Extra impulse penalty accounts for real-world fit. A perfect seal should use Standard, glasses or other leakage should use Stronger, and very poor fitment should use Very strong.
Damage ceiling should remain at 140 dB because impulse noise from gunfire is treated as especially hazardous above that level.
Disclaimer / Assumptions
Important assumptions
- This calculator assumes the hearing protection attenuation entered by the user is fully effective in real-world use. In practice, fit, seal, glasses, movement, and other factors can reduce protection versus the label.

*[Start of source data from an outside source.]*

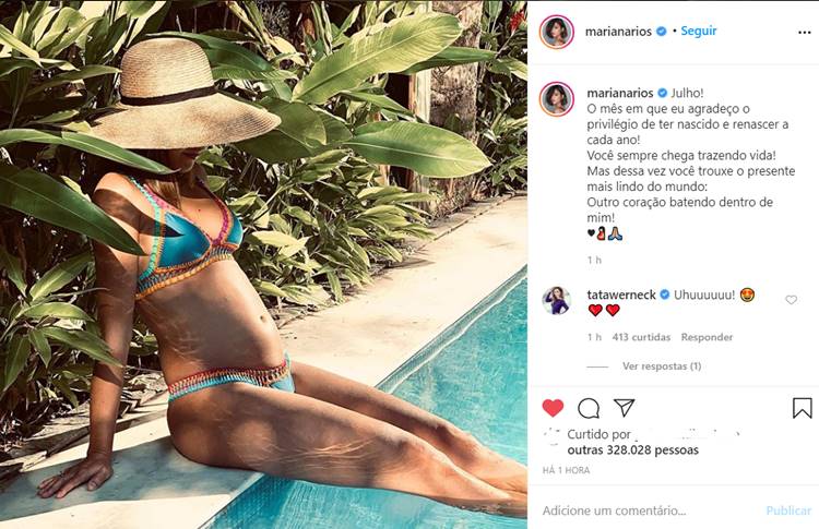 Na foto postada, a atriz aparece sentada à beira da piscina, usando um biquíni bem colorido, e com a barriga já dando seus primeiros sinais. Na legenda ela escreveu: “Julho! O mês em que eu agradeço o privilégio de ter nascido e renascer a cada ano! Você sempre chega trazendo vida! Mas dessa vez você trouxe o presente mais lindo do mundo: Outro coração batendo dentro de mim!”, comentou a atriz.
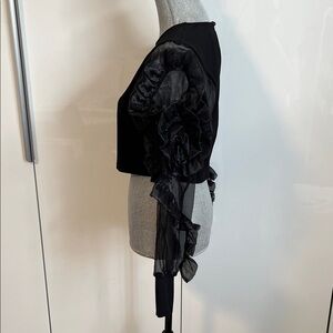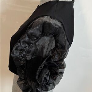 NWOT Elegant Black Fitted Stretch Sheer Rosette Sleeve Top, Size 40/8/M
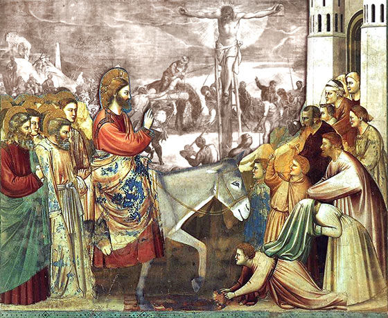 In de vier evangeliën lees je dat Jezus op een ezel de stad Jeruzalem inreed en dat mensen hun mantels voor hem uitspreidden als een rode loper. Ze zwaaiden met palmtakken en bejubelden hem met de woorden: Hosanna! Gezegend hij die komt in de naam van de Heer.

- Real-world Noise Reduction Ratings (NRR) are often lower than the printed value. Many users should treat the selected protection as an estimate, not a guarantee.
- This calculator does not model bone conduction. At very high impulse levels, sound can still reach the inner ear through the skull and jaw even when the ear canal is protected.
- This calculator does not distinguish between indoor and outdoor shooting environments. Indoor ranges can add reflections and reverberation that increase exposure and perceived loudness.
- This tool is for educational use only and is not a medical, legal, or occupational hearing-conservation determination.